What is needed in the art is a sprayer assembly for the spray application of a fluid containing solid particulate matter suspended therein which will: prevent the settling of the particulate matter out of solution with the fluid; return settled particulate matter into suspension with the fluid; provide improved resistance against clogging; and provide a way to dislodge particulate matter that has accumulated on and around the sprayer intake.
The present invention provides a sprayer assembly for sprayingly dispensing a fluid having particulate matter in suspension therein.
The invention comprises, in one form thereof, a sprayer assembly including a reservoir. The fluid to be sprayed is contained in the interior of the reservoir. The reservoir includes a first opening for receiving the fluid and a second opening for dispensing the fluid. A pump is received in the first opening and includes a pump handle disposed exterior to the reservoir and a pump mechanism disposed in the reservoir interior. The pump is operable to increase the pressure in the reservoir interior. A discharge tube has an outlet end fluidly connected to the reservoir second opening and an intake end disposed in the reservoir interior. A filter having a plurality of filter passages is disposed within the reservoir interior and is associated with the intake end of the discharge tube. The filter prevents particles larger than the particulate size from passing into the discharge tube. An agitator is disposed in the reservoir interior and creates a fluid turbulence around the filter and thereby dislodges accumulated particles from around the filter and from the filter itself.
An advantage of the present invention is that the filter allows fluid to enter from all sides and therefore provides improved resistance against particulate matter clogging the filter.

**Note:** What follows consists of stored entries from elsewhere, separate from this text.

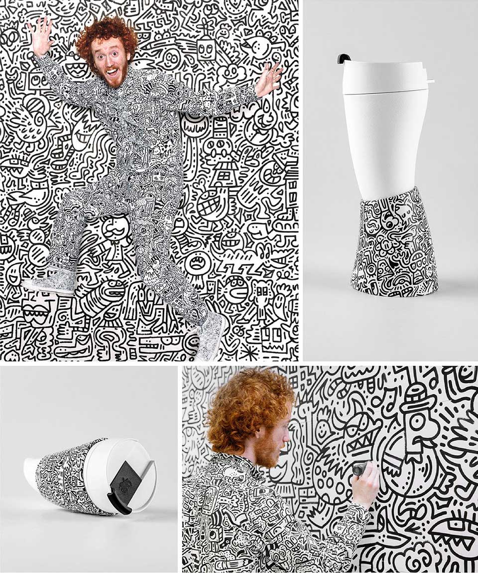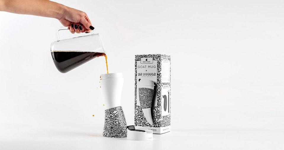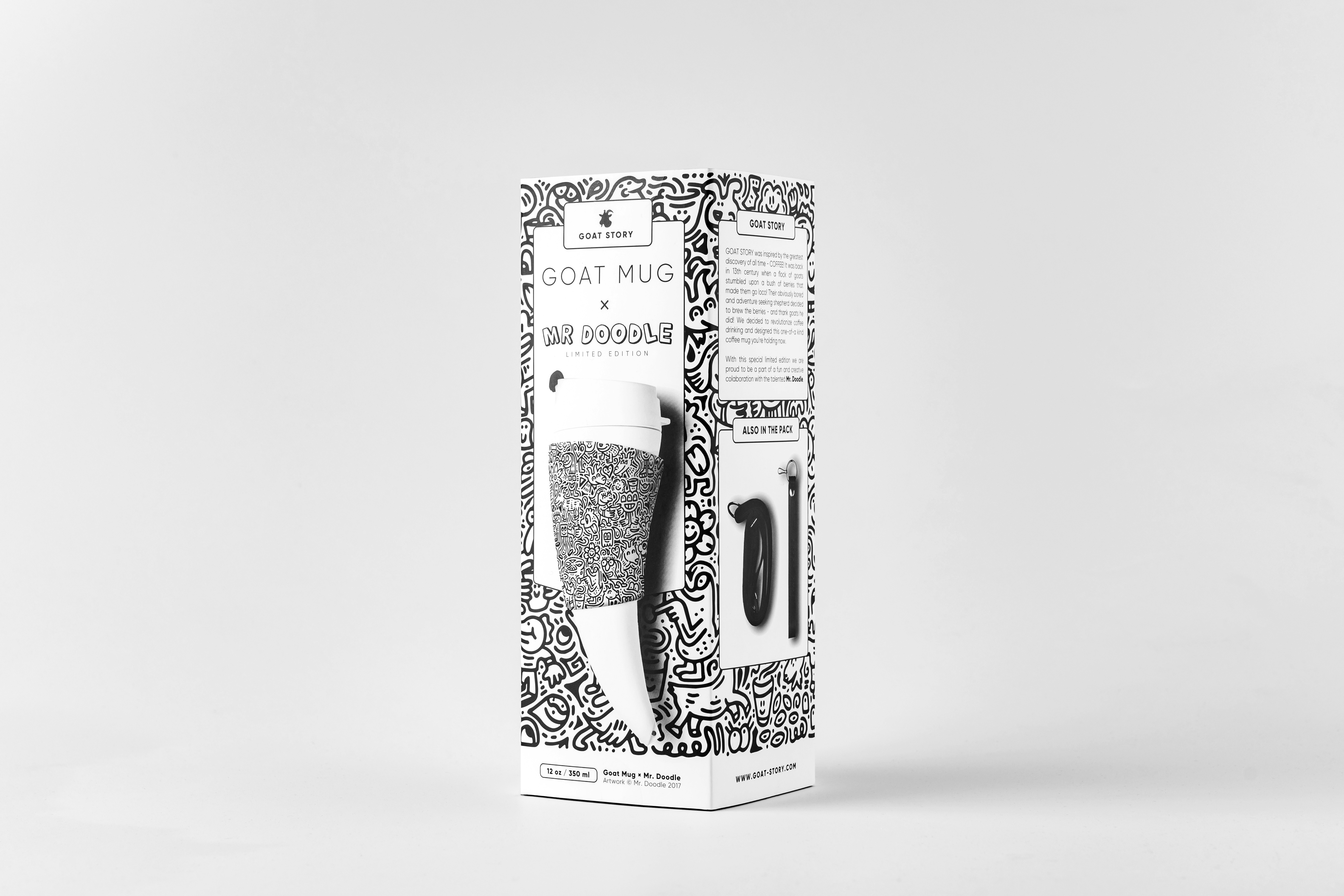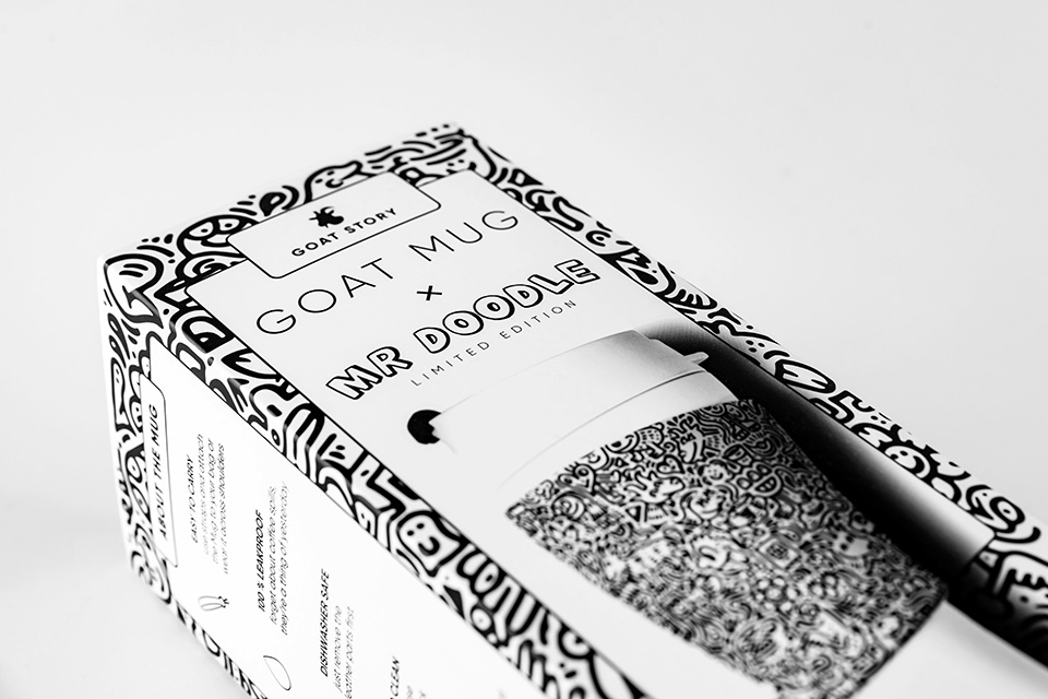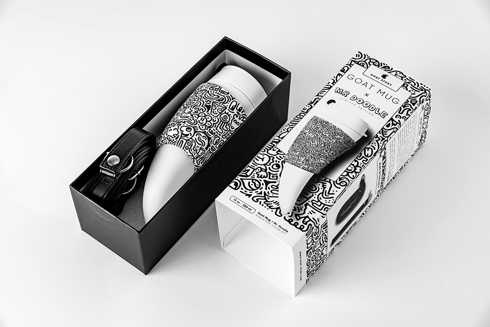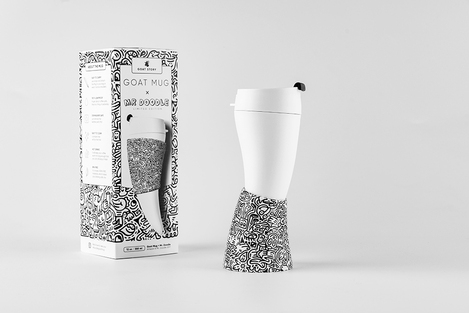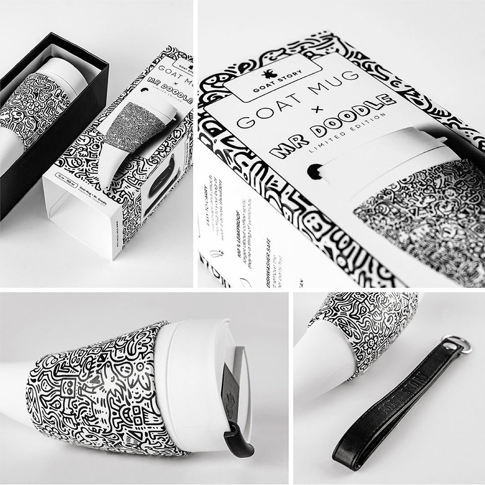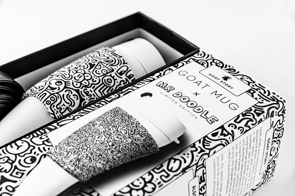 Mr. Doodle 塗鴉先生已經與許多知名品牌 MTV,Adidas 和 Case Art 合作過, 而到了 2018 年,他選擇了將自己獨特的忙碌風格與一樣富有創意的 GOAT STORY 山羊角咖啡杯結合在一起了!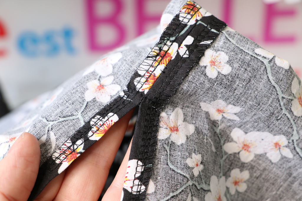 Côté finitions, j’ai fait au plus simple : j’ai surfilé les bords puis piqué l’ourlet en place. Cindy suggère de faire un double rentré au niveau des coutures latérales, ce qui est effectivement bien plus abouti.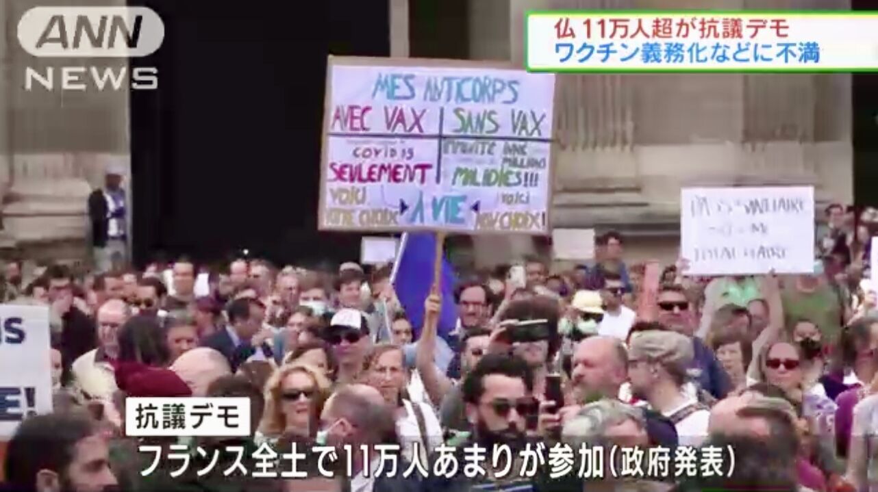 ↑フランス ワクチン義務化の反対デモ。デモを止める側の警察官もデモに加わり反対しているシーンがありましたが、もう警察官も黙ってられないほどに!↓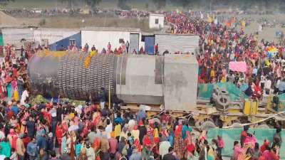 Image Source : Reporter Inputविश्व का सबसे बड़ा शिवलिंग अब बिहार के पुर्वी चम्पारण जिले के केसरिया प्रखंड स्थित कैथवलिया बिराट रामायण मंदिर परिषर में पिछले 6 दिनों से 96 चक्का ट्रक पर ही रखा है। इसको लेकर जिले के लोगों का इंतजार अब खुशियों के साथ पूजा अर्चना की भीड़ जुट रही। महिला पुरुष आस्था के प्रति 1008 शिवलिंग निर्मित 210 मीट्रिक टन का खूब पूजा अर्चना कर रहे हैं। भीड़ को देखते हुए पुलिस सुरक्षा व्यवस्था में जुट गई है।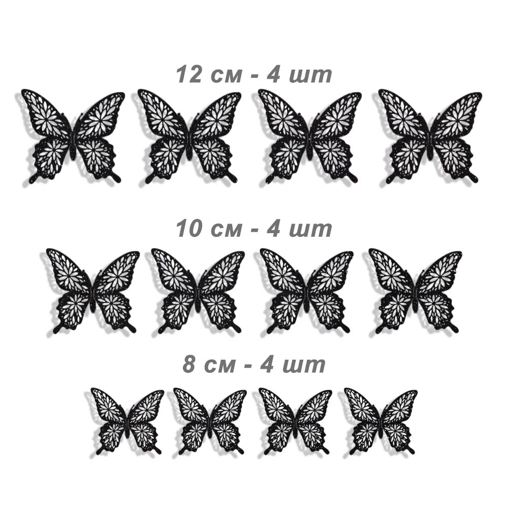 Наклейки Бабочки № 15 бумага перламутровая 12 шт черный

Another advantage of the present invention is that the agitator creates a turbulence in the liquid contained in the reservoir of the sprayer thereby maintaining particulate matter in suspension with the liquid. Thus, proper concentration of particulate matter in the fluid being discharged from the sprayer is maintained.
Yet another advantage of the present invention is that the turbulence in the liquid occurs in a region surrounding the filter. The turbulence dislodges settled particulate matter from that region and from the filter itself. Thus, it is ensured that a full volume of fluid is dispensed at a given pressure and clogs are prevented.